⟨

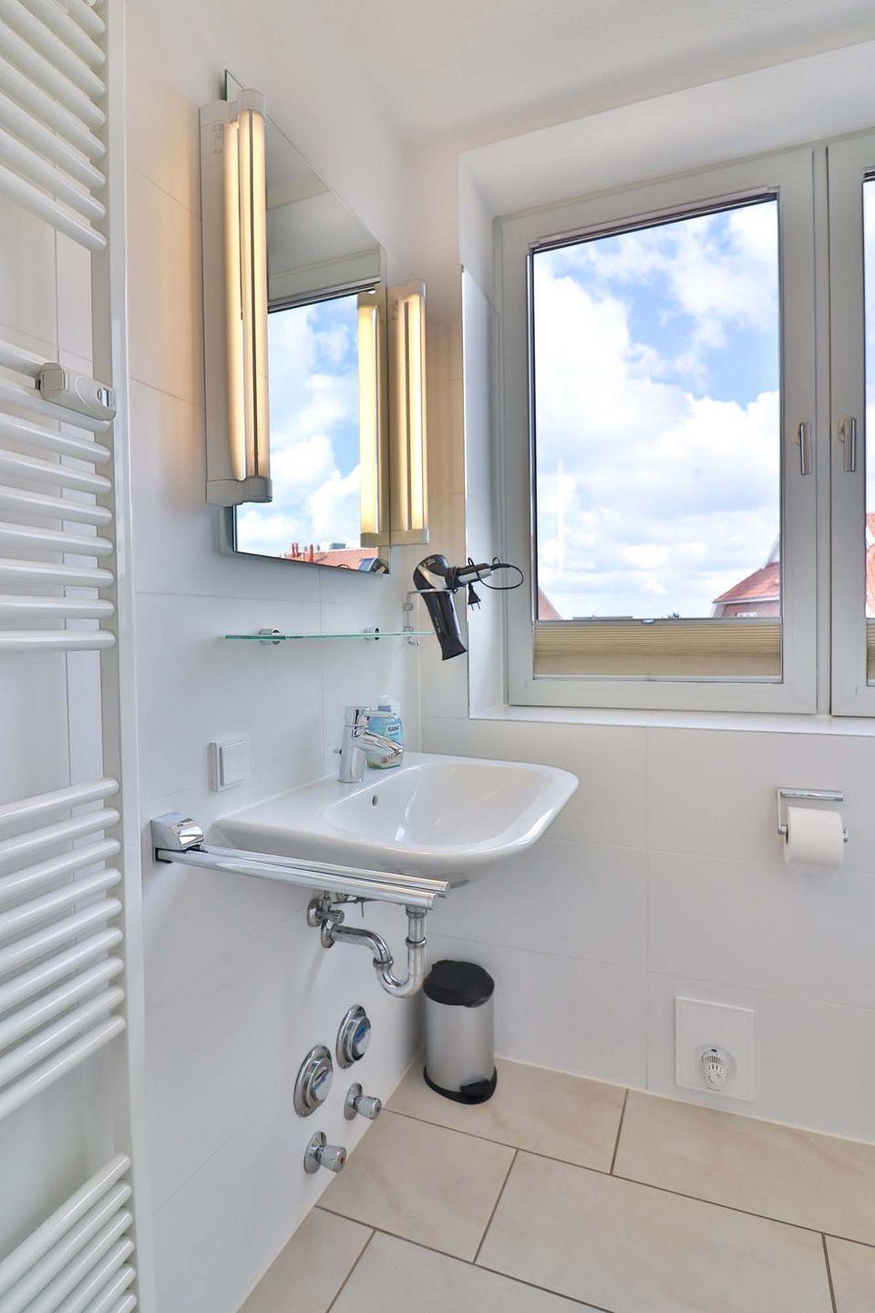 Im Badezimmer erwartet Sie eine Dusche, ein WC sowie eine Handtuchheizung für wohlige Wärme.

⟩
⟨

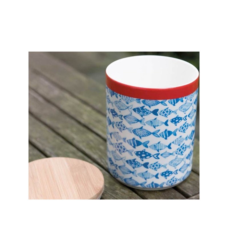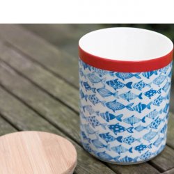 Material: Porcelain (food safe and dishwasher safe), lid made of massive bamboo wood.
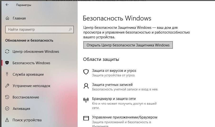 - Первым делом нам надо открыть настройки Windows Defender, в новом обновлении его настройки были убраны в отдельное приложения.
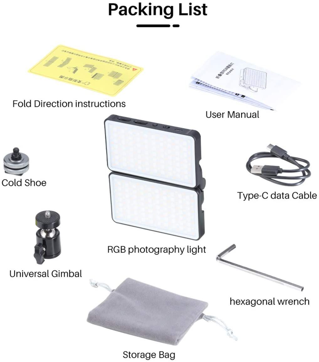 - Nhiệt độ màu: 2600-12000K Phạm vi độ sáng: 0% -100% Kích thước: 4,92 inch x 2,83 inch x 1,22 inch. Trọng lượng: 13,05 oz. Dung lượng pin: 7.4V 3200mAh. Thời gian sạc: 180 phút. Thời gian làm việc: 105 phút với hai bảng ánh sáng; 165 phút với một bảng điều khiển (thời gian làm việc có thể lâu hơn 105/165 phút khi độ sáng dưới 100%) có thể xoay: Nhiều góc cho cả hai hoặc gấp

⟩
⟨

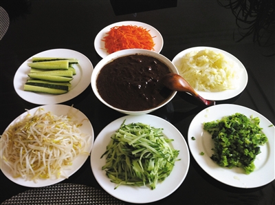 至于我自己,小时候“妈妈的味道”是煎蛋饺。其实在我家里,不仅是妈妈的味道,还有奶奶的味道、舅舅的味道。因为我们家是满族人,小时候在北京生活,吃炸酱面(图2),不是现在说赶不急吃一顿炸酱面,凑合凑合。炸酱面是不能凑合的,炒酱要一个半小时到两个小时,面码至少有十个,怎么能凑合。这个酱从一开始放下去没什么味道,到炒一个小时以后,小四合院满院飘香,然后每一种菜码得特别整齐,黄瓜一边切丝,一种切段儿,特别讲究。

⟩

● **Exercise goal**
Above are the records; please give again, exactly and in full, only the lines that run from the line with "- Первым делом" through the line with "- Nhiệt độ màu: 2600-12000K", with no pictures.

● **Answer box**
 - Первым делом нам надо открыть настройки Windows Defender, в новом обновлении его настройки были убраны в отдельное приложения.
 - Nhiệt độ màu: 2600-12000K Phạm vi độ sáng: 0% -100% Kích thước: 4,92 inch x 2,83 inch x 1,22 inch. Trọng lượng: 13,05 oz. Dung lượng pin: 7.4V 3200mAh. Thời gian sạc: 180 phút. Thời gian làm việc: 105 phút với hai bảng ánh sáng; 165 phút với một bảng điều khiển (thời gian làm việc có thể lâu hơn 105/165 phút khi độ sáng dưới 100%) có thể xoay: Nhiều góc cho cả hai hoặc gấp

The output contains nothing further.